Vayidabeir Adonai el-Moshe acharei mot sh’nei b’nei Aharon…
And Adonai spoke to Moshe after the death of the two sons of Aaron… (Vayikra 16:1)
As a rabbi, I have attended a lot of funerals. At some I have been the officiant. At some one of many clergy or speakers, and at some an attendee paying respects to the deceased or the mourners. At every funeral I cried. And at every, I am interested in how the funeral rites inform our mourning process.
Those who know me well are not surprised by my crying, no matter the relationship. I am a great crier. I cry at Hallmark cards and at sappy commercials. The other night, Keren and I cried at a scene in Marvel’s Agents of Shield, a superhero television show. In ancient, and even not so ancient times, I might have found employment as a professional mourner.
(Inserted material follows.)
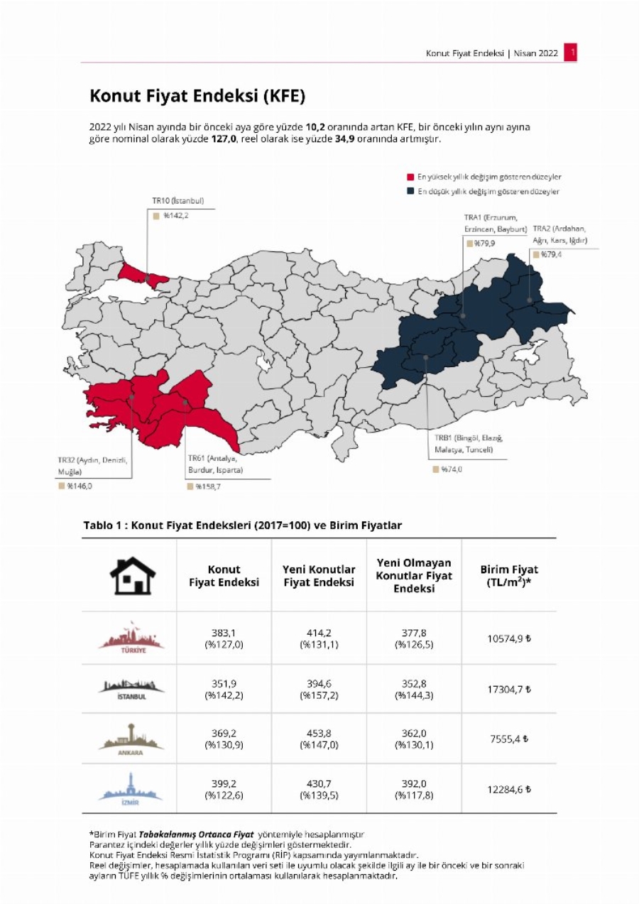 Buna göre konut fiyatları bir önceki yılın aynı ayına göre yüzde 127 arttı. İstanbul, Ankara ve İzmir’de bu artışlar sırasıyla yüzde 142,2, 130,9 ve 122,6 oldu.
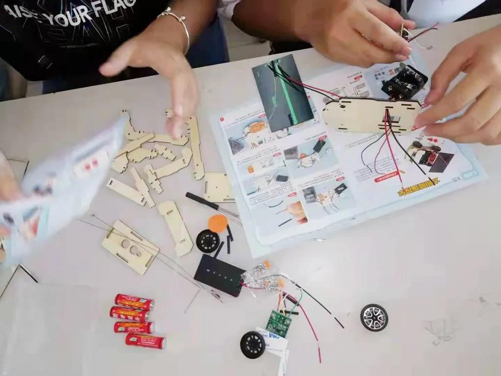 在本次组装太阳能遥控车的过程中,学生需要理论联系实际,将物理课堂上所学的机械能、光能、电能等知识与实际紧密相连,使课上课下有机地结合在一起。学生在太阳能遥控车组装时,通过观察和分析确事先进行规划,再确定具体的操作步骤。组装过程中,最重要的是将一个个精细的零部件安装在正确的位置,同时导线的连接应避免出现断路情况。学生们也遇到了一些预想不到的困难。如将两股导线的芯线绞合拧紧成单股状过程中,发现导线的芯线较短,在没有提供打火机的情况下如何操作去除芯线的绝缘层部分。如将太阳能遥控车正确组装后,发现遥控车不能正常工作,则需要重新连接电路导线排除故障。这些困难极大地考验了学生们的动手能力、细心以及耐心。面对着那一个个散乱的零件,同学们并没有选择放弃,一个个零件犹如石头般堆起。虽然小小的零件变成许多不一样的形态,但在蔡丽珍老师指导下和同学们的不懈努力,那些精细的零件像是被施了魔法,在同学们的手中渐渐成型。终于,一辆辆帅气的太阳能遥控车在阳光下驰骋。

Even now, hired mourners are popular in Asia and the Middle East. Rent-a-Mourner is a real thing in England. Some see this as a breakdown of the family, but others point to the respected history of the profession, and see it as one more way to honour the dead. It’s not false mourning. A mere thought of the hole left by the deceased, and the tears flow. The loss of any life changes the world.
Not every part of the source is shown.